- Opening Delimiter -

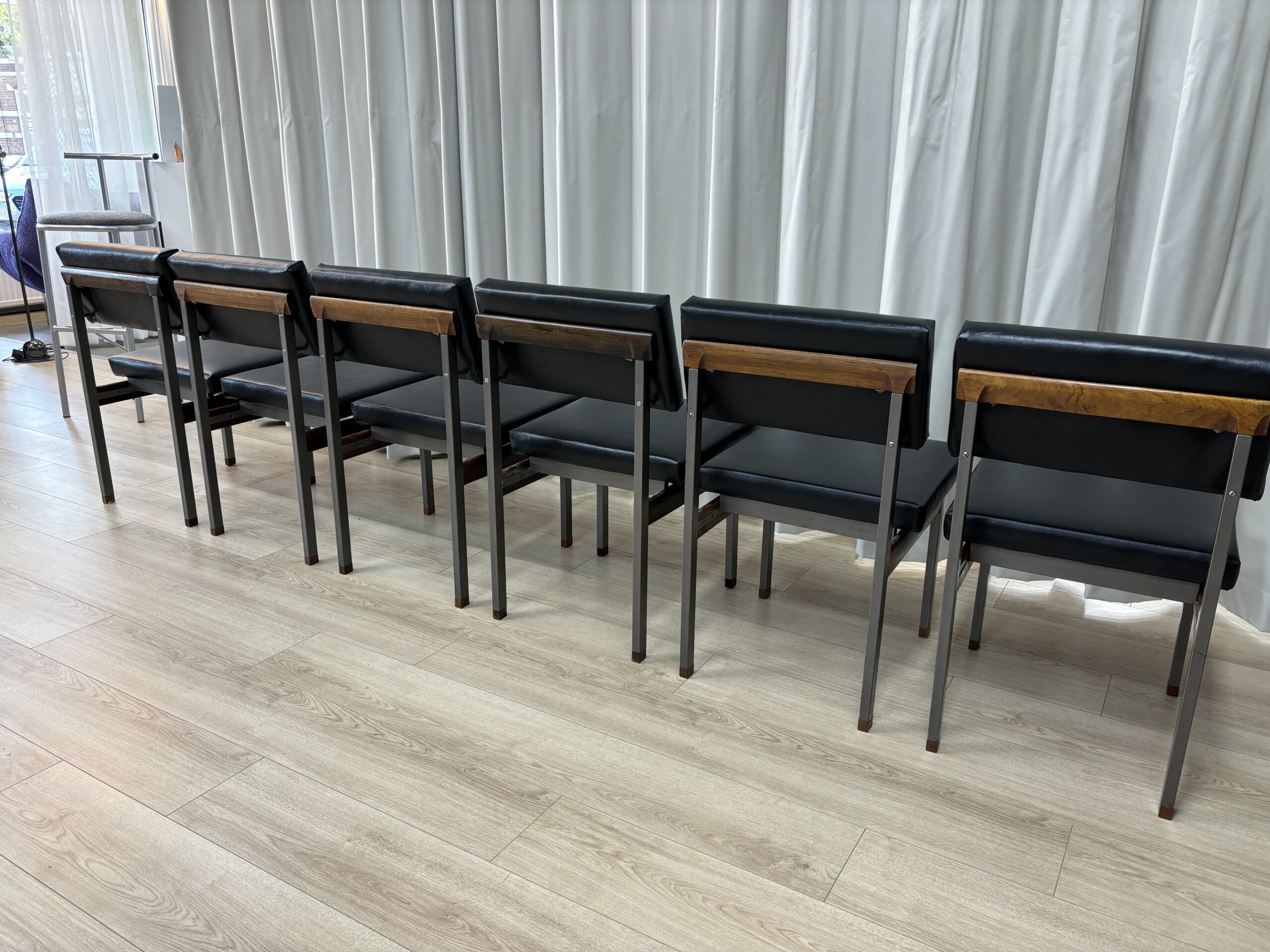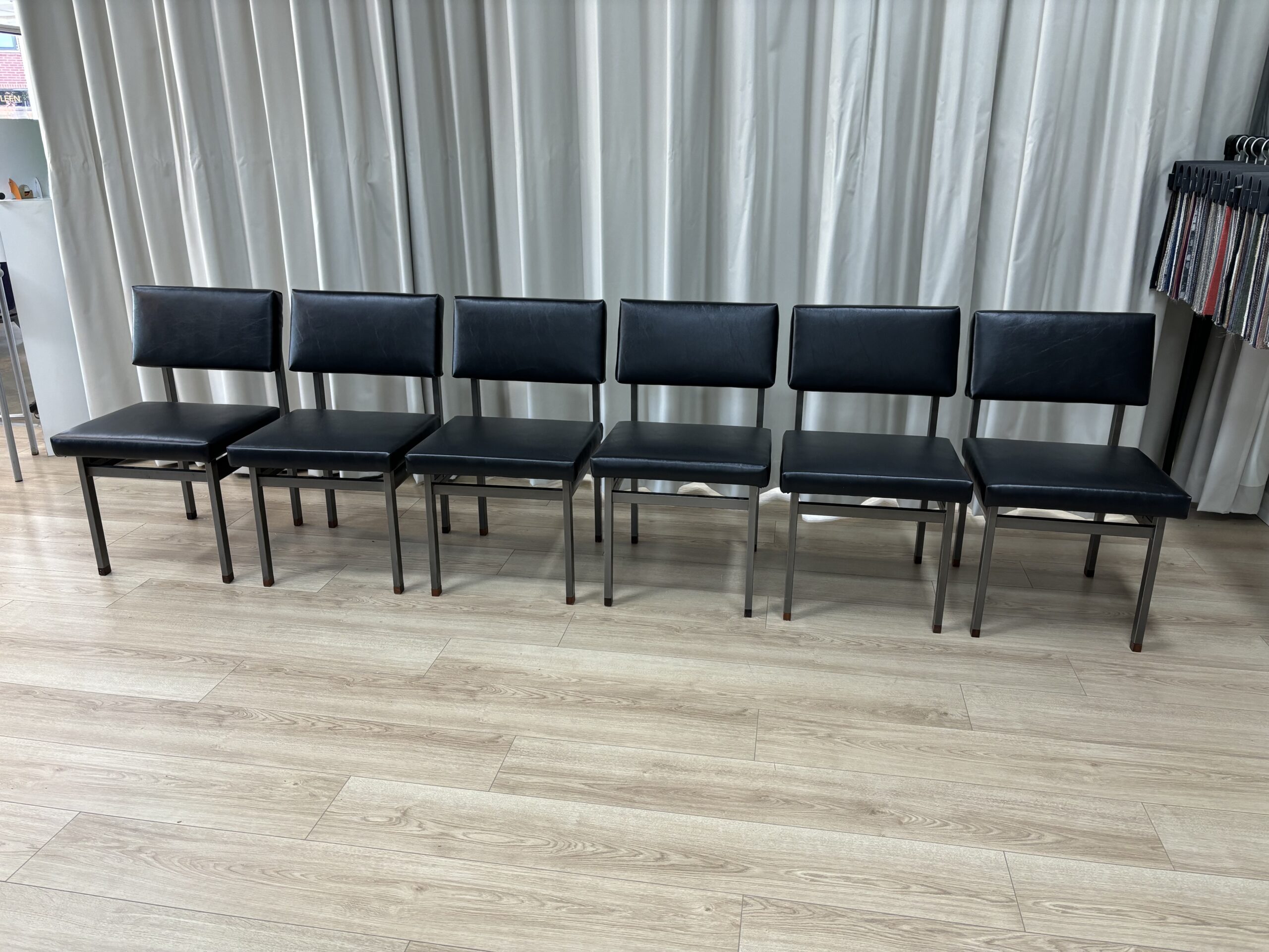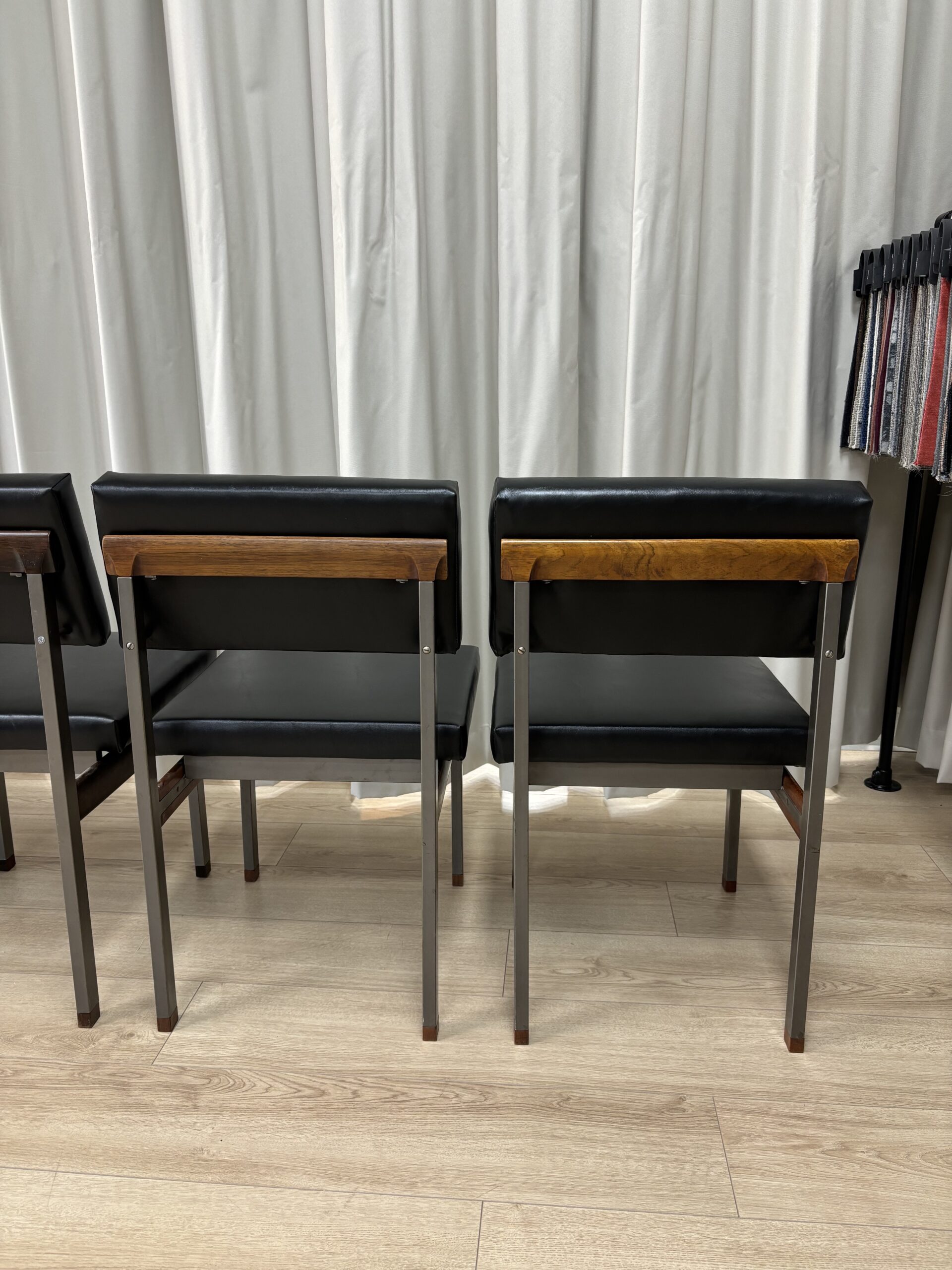 Deze stoelen zijn volledig opnieuw gestoffeerd in hoogwaardig zwart skai met een authentieke vintage look – perfect passend bij de stijl en het tijdperk. De frames verkeren in nette staat, klaar om direct aan tafel te schuiven.
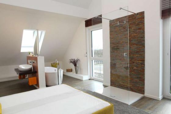 Klein, aber fein, so kommt unser "SPRING SIDE 1! daher. Unter dem eleganten Satteldach befinden sich die Schlafräume mit Bad. Sie bieten ausreichend Raum und Komfort für Singles, Paare oder Kleinfamilien. Das Erdgeschoss prägt ein großzügig gestalteter Wohn-Ess-Bereich. Aus der Küche hat man direkten Zugang zu einem großen und praktischen Hauswirtschaftsraum, der zahlreiche Lagermöglichkeiten bietet. Dielenbereich unterteilt das Erdgeschoss auf elegante Weise in Nutz- und Wohnbereich. Das Elternschlafzimmer sowie das Kinderzimmer wirken durch die Dachschrägen besonders heimelig und bieten dennoch ausreichend Raum zum Stellen von Möbeln, zum Erholen, Entspannen und Spielen. Ebenfalls auf dieser Ebene: ein großes Tageslichtbad mit Wanne, Dusche und WC. Hier lautet die Devise: maximaler Wohnkomfort auf kleinem Raum
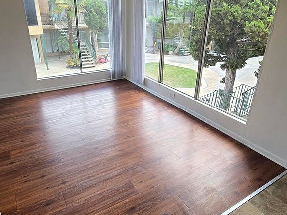 This spacious home features a large living room with huge bay windows that overlook the courtyard. LVP Flooring through out. Kitchen has a gas range and formica counter tops. Fresh paint though out.
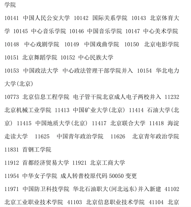 北京地區(qū)2026年高校填報(bào)志愿代碼匯總
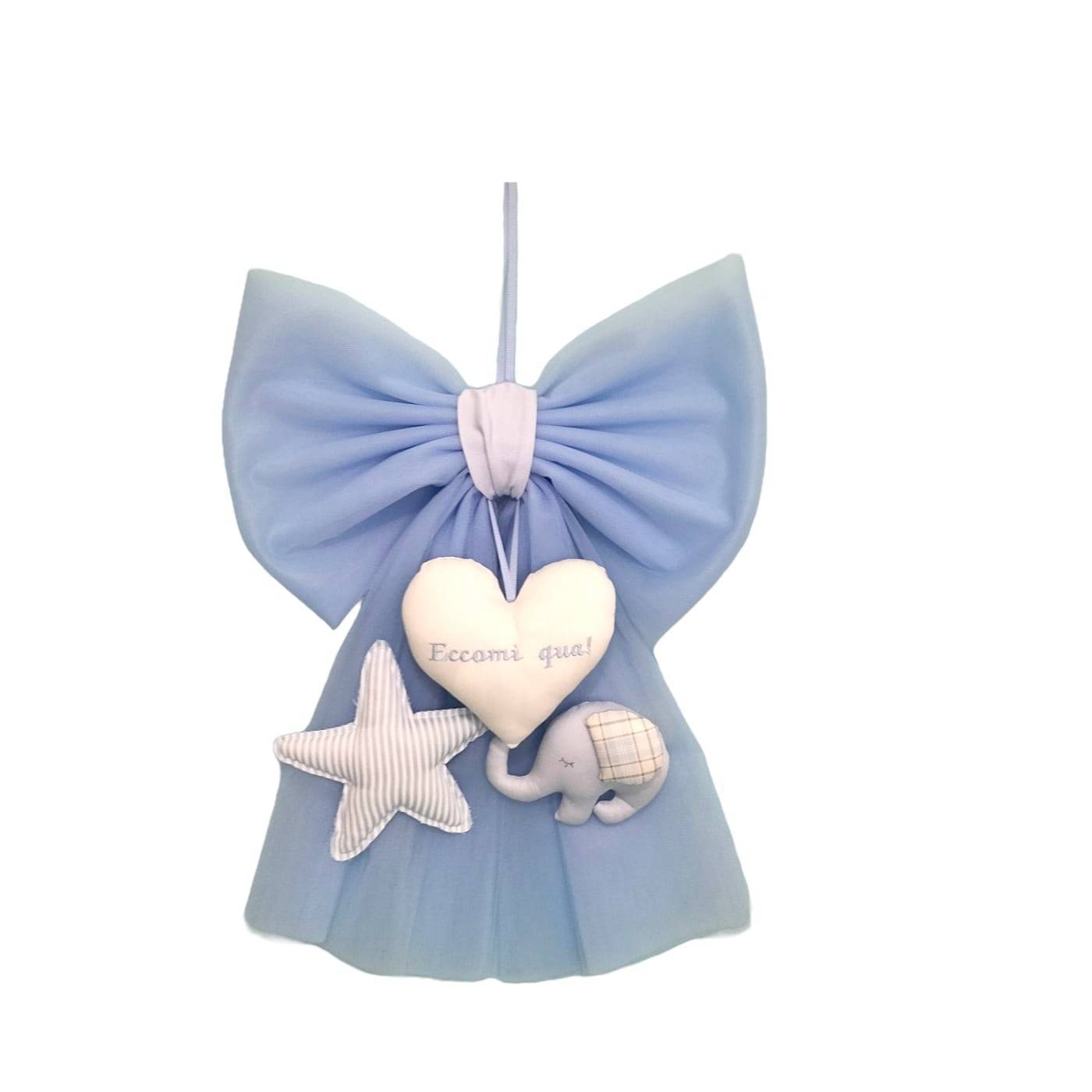 Light blue tulle newborn baby bow with cotton elephant, heart and star. Possibility to write the name. For more information call or WhatsApp us at 388 8071332.
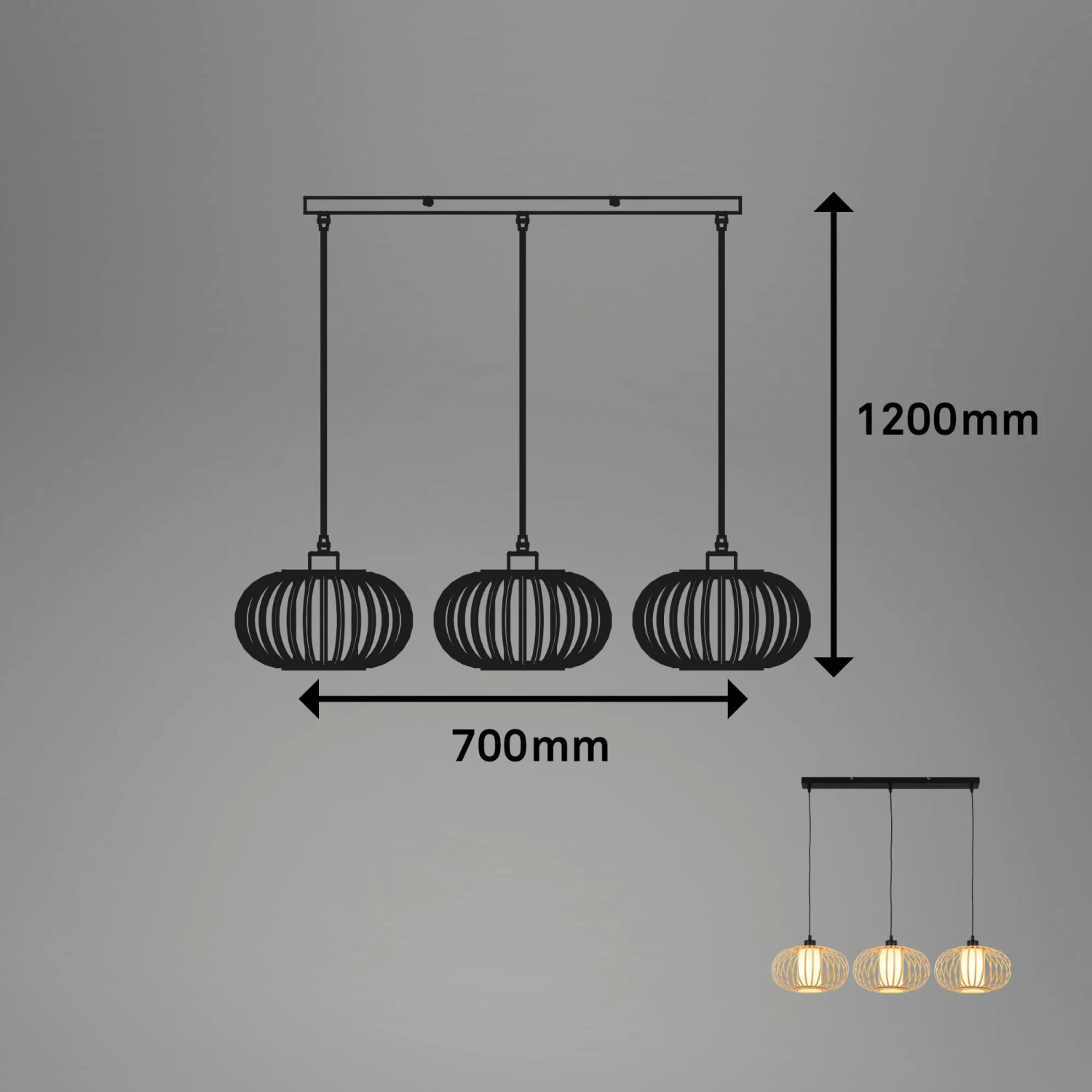 Verleihen Sie Ihrem Raum eine einzigartige Mischung aus Vintage-Charme und zeitloser Eleganz mit unserer exquisiten Hängelampe im Vintage-Stil. Ganz gleich, ob Sie Ihr Schlafzimmer, Wohnzimmer oder Esszimmer verschönern möchten, diese Pendelleuchte schafft eine einladende Atmosphäre, die Sie verzaubern wird. Die kunstvoll gestalteten Bambusschirme bringen einen Hauch von rustikalem Flair in Ihre Räumlichkeiten. Dieser 3-flammige Kronleuchter verwandelt Ihr Ambiente mit sanfter Beleuchtung und schafft eine Atmosphäre, in der Sie sich entspannen können. Die Bambusschirme der Deckenlampe verteilen das Licht gleichmäßig und zaubern eine beruhigende Umgebung, die perfekt für gemütliche Abende oder gesellige Zusammenkünfte ist. Die Hängelampe ist mit drei E27 Fassungen ausgestattet, was Ihnen die Freiheit gibt, das passende Leuchtmittel auszuwählen. Verwenden Sie ein Leuchtmittel mit einer maximalen Leistung von 10W, um die perfekte Beleuchtung zu erzielen (Leuchtmittel nicht im Lieferumfang enthalten). Mit ihren Maßen fügt sich diese Deckenleuchte harmonisch in Ihre Räume ein. Eine Gesamthöhe von 1200 mm und eine Länge von 700 mm, bei 280 mm Bambusschirmen, machen sie zur idealen Wahl für Ihre Küche, wo sie als Küchenlampe fungieren kann. Bringen Sie mit dieser Wohnzimmerlampe im Retrostil Wärme und Stil in Ihre Einrichtung und lassen Sie Ihre Räume im neuen Licht erstrahlen.
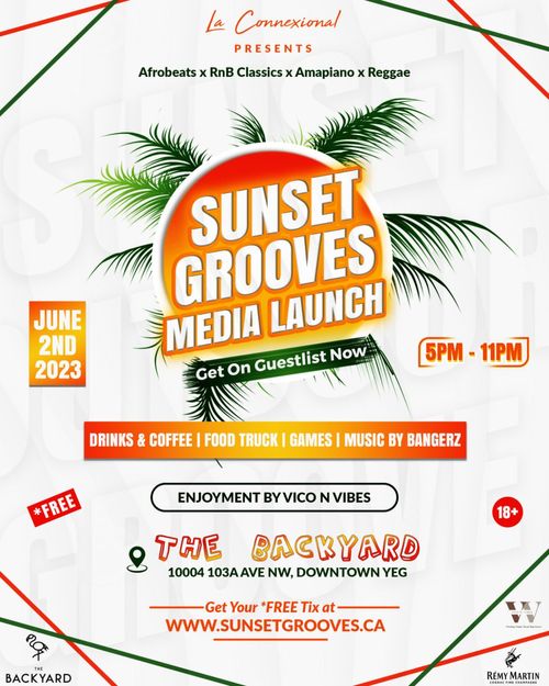 Join us on Friday, June 2nd, for the media launch of Sunset Grooves – Alberta's premier open-air sunset musical and cocktail experience. This unique event series, curated by La Connexional, promises Afrobeats, RnB, House, Amapiano, Latin, and Groovy music lovers unforgettable experiences under the setting sun.

- Closing Delimiter -

▶ Instructions to follow
Print exactly, and print only, the lines from the line with "Light blue tulle" through the last line of the entries, both ends included. No pictures belong in the result.

▶ Output of the task
 Light blue tulle newborn baby bow with cotton elephant, heart and star. Possibility to write the name. For more information call or WhatsApp us at 388 8071332.
 Verleihen Sie Ihrem Raum eine einzigartige Mischung aus Vintage-Charme und zeitloser Eleganz mit unserer exquisiten Hängelampe im Vintage-Stil. Ganz gleich, ob Sie Ihr Schlafzimmer, Wohnzimmer oder Esszimmer verschönern möchten, diese Pendelleuchte schafft eine einladende Atmosphäre, die Sie verzaubern wird. Die kunstvoll gestalteten Bambusschirme bringen einen Hauch von rustikalem Flair in Ihre Räumlichkeiten. Dieser 3-flammige Kronleuchter verwandelt Ihr Ambiente mit sanfter Beleuchtung und schafft eine Atmosphäre, in der Sie sich entspannen können. Die Bambusschirme der Deckenlampe verteilen das Licht gleichmäßig und zaubern eine beruhigende Umgebung, die perfekt für gemütliche Abende oder gesellige Zusammenkünfte ist. Die Hängelampe ist mit drei E27 Fassungen ausgestattet, was Ihnen die Freiheit gibt, das passende Leuchtmittel auszuwählen. Verwenden Sie ein Leuchtmittel mit einer maximalen Leistung von 10W, um die perfekte Beleuchtung zu erzielen (Leuchtmittel nicht im Lieferumfang enthalten). Mit ihren Maßen fügt sich diese Deckenleuchte harmonisch in Ihre Räume ein. Eine Gesamthöhe von 1200 mm und eine Länge von 700 mm, bei 280 mm Bambusschirmen, machen sie zur idealen Wahl für Ihre Küche, wo sie als Küchenlampe fungieren kann. Bringen Sie mit dieser Wohnzimmerlampe im Retrostil Wärme und Stil in Ihre Einrichtung und lassen Sie Ihre Räume im neuen Licht erstrahlen.
 Join us on Friday, June 2nd, for the media launch of Sunset Grooves – Alberta's premier open-air sunset musical and cocktail experience. This unique event series, curated by La Connexional, promises Afrobeats, RnB, House, Amapiano, Latin, and Groovy music lovers unforgettable experiences under the setting sun.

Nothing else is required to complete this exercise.